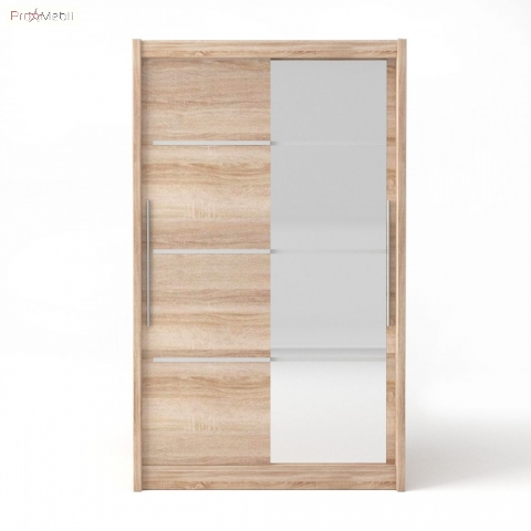 Ілона ВМВ - це колекція зручних і компактних шаф-купе, які підійдуть для облаштування практично будь-якої кімнати в будинку і стануть ідеальним місцем для зберігання одягу і речей всієї сім'ї. Шафа-купе складається з двох розсувних дверей, усередині ліворуч розташовано чотири полиці, праворуч – полиця і штанга для вішалок, завдяки чому Ви можете розмістити всі необхідні речі. Корпус і фасадні частини виготовляються з високоякісного ламінованого ДСП в теплому відтінку «дуб сонома», з виразним природним орнаментом у поєднанні з дзеркальними панелями. Перевагою шафи Ilona VMV є лаконічний стиль; класичний відтінок з яскраво вираженою деревною текстурою; потовщені стінки корпусу, що додають надійності; тонкі, довгасті ручки, а також проста і надійна розсувна система Fast. Шафа-купе, це не лише комфорт для життя, але і затишок у вашому будинку.
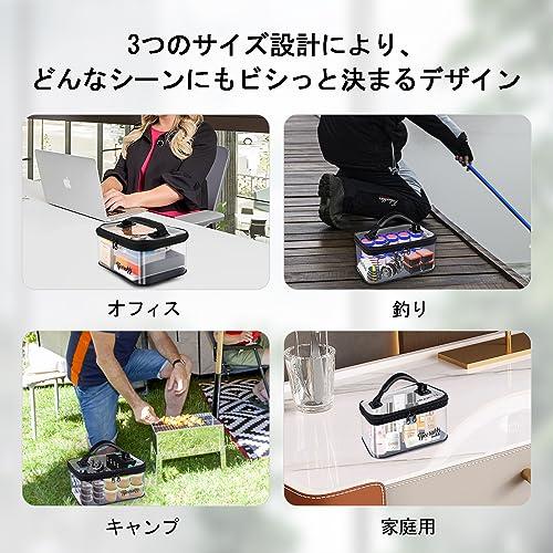 通常1-5営業日で発送:Sのサイズ:幅21.5cm x 深さ14.5cm x 奥行9cm 容量:2.7LMのサイズ:幅24cm x 深さ16.5cm x 奥行11cm 容量:4.3LLのサイズ:幅27cm x 深さ19cm x 奥行12cm 容量:6.1L便利:釣りバッカンは、ルアーなどの小物を入れるのに便利で、透明なので、中に何が入っているかわかりやすいです大容量:釣り用タックルボックスが3つあり、合計容量は約13Lで、釣り小物をよりよく保管できます。多機能:軽量、コンパクト、折りたたみ式のタックルボックスは、釣り場まで歩いてライン、ターミナルタックル、ルアーなどの釣り道具を運ぶときに便利です。 釣りだけでなく、屋外や災害時にも使用できます。 コンパクトなボックスは釣りゲームに便利です!
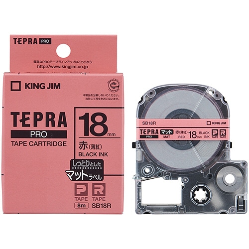 キングジム テプラ PRO テープカートリッジ マットラベル 18mm 赤(薄紅)/黒文字 SB18R 1個(ご注文単位1個)【直送品】
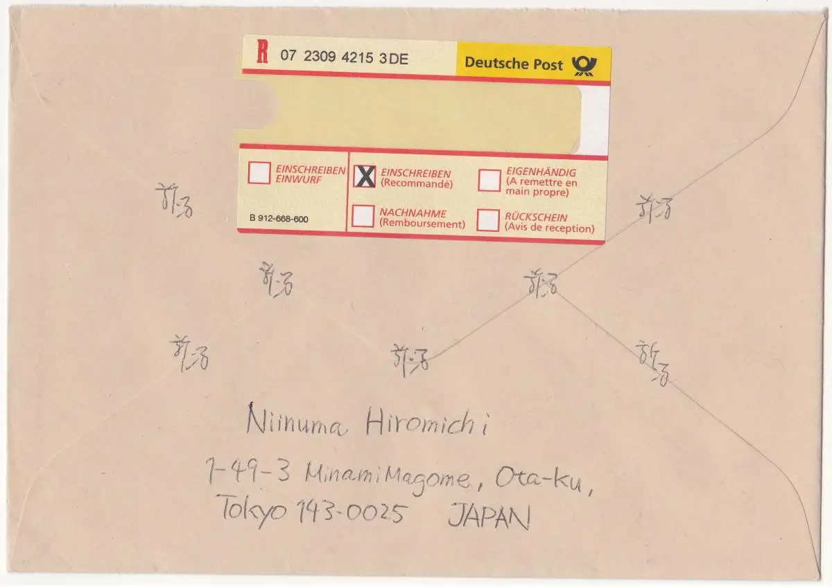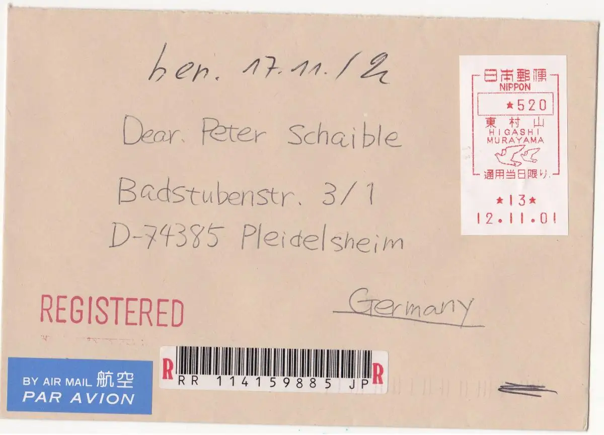 Der Brief ist gelaufen am 12.11.2001 von Higashi Murayama nach Pleidelsheim. Der Briefumschlag ist oben geöffnet. Minimale Transportspuren, sehr guter Zustand.
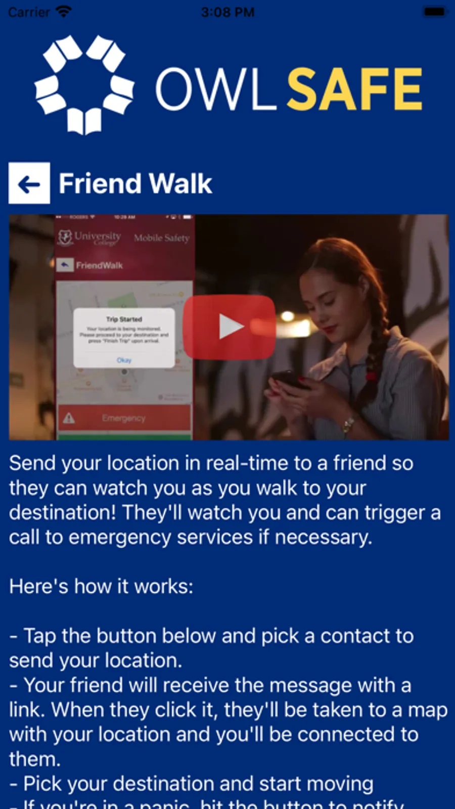 - Friend Walk: Send your location to a friend through email or SMS on your device. Once the friend accepts the Friend Walk request, the user picks their destination and their friend tracks their location in real time; they can keep an eye on them to make sure they make it safely to their destination.

━━━━

* [WHAT IS BEING ASKED]
Output the data verbatim, images excluded.

* [SOLVED PROBLEM]
 Ілона ВМВ - це колекція зручних і компактних шаф-купе, які підійдуть для облаштування практично будь-якої кімнати в будинку і стануть ідеальним місцем для зберігання одягу і речей всієї сім'ї. Шафа-купе складається з двох розсувних дверей, усередині ліворуч розташовано чотири полиці, праворуч – полиця і штанга для вішалок, завдяки чому Ви можете розмістити всі необхідні речі. Корпус і фасадні частини виготовляються з високоякісного ламінованого ДСП в теплому відтінку «дуб сонома», з виразним природним орнаментом у поєднанні з дзеркальними панелями. Перевагою шафи Ilona VMV є лаконічний стиль; класичний відтінок з яскраво вираженою деревною текстурою; потовщені стінки корпусу, що додають надійності; тонкі, довгасті ручки, а також проста і надійна розсувна система Fast. Шафа-купе, це не лише комфорт для життя, але і затишок у вашому будинку.
 通常1-5営業日で発送:Sのサイズ:幅21.5cm x 深さ14.5cm x 奥行9cm 容量:2.7LMのサイズ:幅24cm x 深さ16.5cm x 奥行11cm 容量:4.3LLのサイズ:幅27cm x 深さ19cm x 奥行12cm 容量:6.1L便利:釣りバッカンは、ルアーなどの小物を入れるのに便利で、透明なので、中に何が入っているかわかりやすいです大容量:釣り用タックルボックスが3つあり、合計容量は約13Lで、釣り小物をよりよく保管できます。多機能:軽量、コンパクト、折りたたみ式のタックルボックスは、釣り場まで歩いてライン、ターミナルタックル、ルアーなどの釣り道具を運ぶときに便利です。 釣りだけでなく、屋外や災害時にも使用できます。 コンパクトなボックスは釣りゲームに便利です!
 キングジム テプラ PRO テープカートリッジ マットラベル 18mm 赤(薄紅)/黒文字 SB18R 1個(ご注文単位1個)【直送品】
 Der Brief ist gelaufen am 12.11.2001 von Higashi Murayama nach Pleidelsheim. Der Briefumschlag ist oben geöffnet. Minimale Transportspuren, sehr guter Zustand.
 - Friend Walk: Send your location to a friend through email or SMS on your device. Once the friend accepts the Friend Walk request, the user picks their destination and their friend tracks their location in real time; they can keep an eye on them to make sure they make it safely to their destination.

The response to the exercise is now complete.